The officer said the IDF expected to finish destroying all known Hamas tunnels within the next 24 hours, after which the government would decide whether to pull out the troops or leave them in the area.
A few options for further military activity are being considered, and the IDF is currently building protective areas inside the Strip, a few hundred meters from the border with Israel, in preparation for the possibility that troops might be ordered to stay.
The officer added that Hamas suffered significant damage during the IDF operation and is interested in ending the war, “but not with zero achievements from its standpoint.” The coming days will determine how the fighting will end, he said.
He stressed that Israel doesn’t want to destroy the Hamas government, because it “has an interest in having an 'address' in the Gaza Strip. The Somalia scenario, in which a state deteriorates into subgroups, can happen, but we don’t want it to happen.”
If Israel did want to decisively defeat Hamas, he added, the army would need seven to 10 days to reoccupy all of Gaza, then another year or two to “destroy the terrorist infrastructure.” But “that isn’t the task the IDF was given, and rightly so,” he said.
Military Intelligence believes the vast majority of Hamas’ cross-border tunnels have been destroyed. Apparently, the organization still has about one-third of the number of rockets it began the war with.

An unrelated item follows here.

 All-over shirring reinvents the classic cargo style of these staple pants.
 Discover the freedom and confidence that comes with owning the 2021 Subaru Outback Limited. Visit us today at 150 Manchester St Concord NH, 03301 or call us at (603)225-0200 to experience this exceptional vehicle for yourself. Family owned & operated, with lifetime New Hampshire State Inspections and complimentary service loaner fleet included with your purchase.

The senior officer noted that destruction of the tunnels wasn’t initially one of the operation’s goals, although it became one of the main objectives as the fighting progressed. He also said that only after embarking on the effort to destroy the subterranean structures did the army realize it couldn’t be done quickly. At that point, a decision was made that finishing the job took precedence over shortening the war.

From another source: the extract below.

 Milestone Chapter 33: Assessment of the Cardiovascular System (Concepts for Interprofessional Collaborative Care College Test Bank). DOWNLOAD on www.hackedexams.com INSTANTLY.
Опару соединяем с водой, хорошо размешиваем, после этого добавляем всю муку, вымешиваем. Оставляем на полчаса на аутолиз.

Eight months ago, the IDF Southern Command was assigned the task of locating the attack tunnels Hamas had built under the border into Israel. But in practice, detailed knowledge about how to locate and destroy the tunnels was accumulated only once the fighting began. Initially, for instance, the army thought they could be bombed from the air, but it later discovered that this interfered with the process of tracing the tunnels' routes and finding all the shafts and secondary branches. In the end, however, a decision was made to bomb certain known shafts anyway, even if that made it harder to locate other such openings.
The officer said he expects the operation to “ensure a better window of time for a good situation” – i.e. a longer interval before the next round. Nevertheless, he added, the IDF expects that Hamas will indeed dig new tunnels into Israel and try to rebuild its arsenal.

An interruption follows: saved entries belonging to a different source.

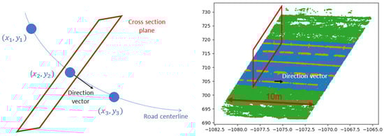 The direction vector , as a normal vector, and the point also define the road cross-section plane , visible in Figure 5. The points in the points cloud are then extracted based on a threshold distance to the cross-section plane and a distance to the origin of the vector, which were experimentally chosen as 2.5 m and 20 m, respectively. The distance to the plane is defined as (Equation (4)):
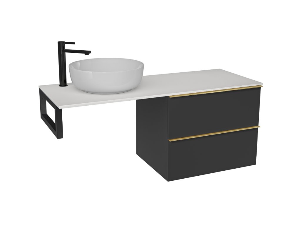 CERANO - Doska pod umývadlo z liateho mramoru Elanys - 140x46,5x1,2 cm - skrinka Velora 69 cm - čierna matná, zlatá úchytka - konzola čierna
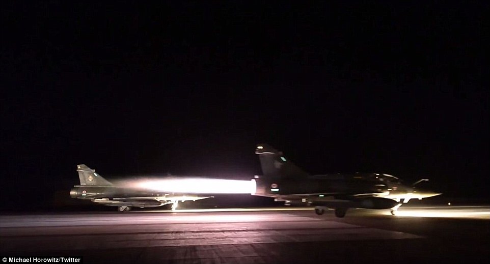 Δώδεκα αεροσκάφη, εκ των οποίων δέκα καταδιωκτικά, τύπου Mirage 2000N, Mirage 2000Ds και Ráfales, απογειώνονται στις 19.50 τοπική ώρα από τα Ηνωμένα Αραβικά Εμιράτα και την Ιορδανία.
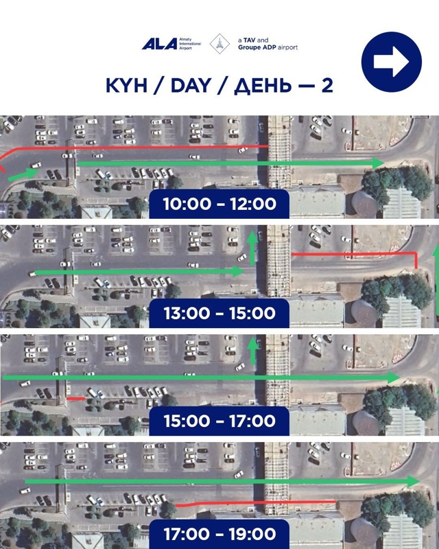 - Әуежай аумағында қатынау ыңғайлы болуы үшін жол инфрақұрылымы жаңартылып жатыр. Автокөліктерге кіру және шығу қозғалысы толық қамтамасыз етіледі. Уақытша қолайсыздықтар үшін кешірім сұраймыз, – деп хабарлады әуе айлағының баспасөз қызметі.
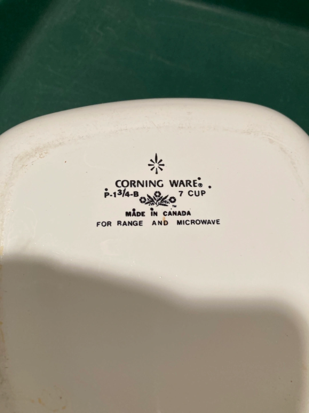 Blue flower pattern. Glass lid. Made in Canada. For range and microwave use. Square shape. White base.
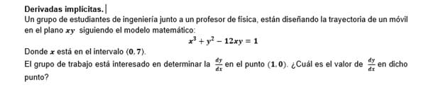 Derivadas implícitas. Un grupo de estudiantes de ingeniería junto a un profesor de física, están diseñando la trayectoria de un
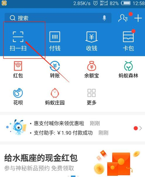 有了红包我们就该去支付了,可以去实体店超市扫店家支付宝收款码支付;还可以扫描自己手机相册保存的别人收款码实现支付。如图在首页左上方点击“扫一扫”,若是去超市扫描直接扫完就到了付款界面,输入金额付款即能自动抵扣。
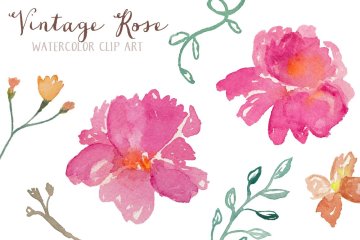 复古风格水彩玫瑰花剪贴画艺术 Vintage Rose Wa

Once the IDF has finished destroying the tunnels, it plans to let Palestinians who evacuated their homes to return them, pending army approval. The IDF recognizes that the displaced Palestinians are in a “difficult humanitarian situation,” and therefore, the officer said, it wants to “do everything possible to make life easier for the population ... We’re making every effort to avoid a humanitarian crisis.”
An MI officer acknowledged that Gaza “is beginning the reconstruction process from a much lower point than Lebanon in 2006,” after the Second Lebanon War.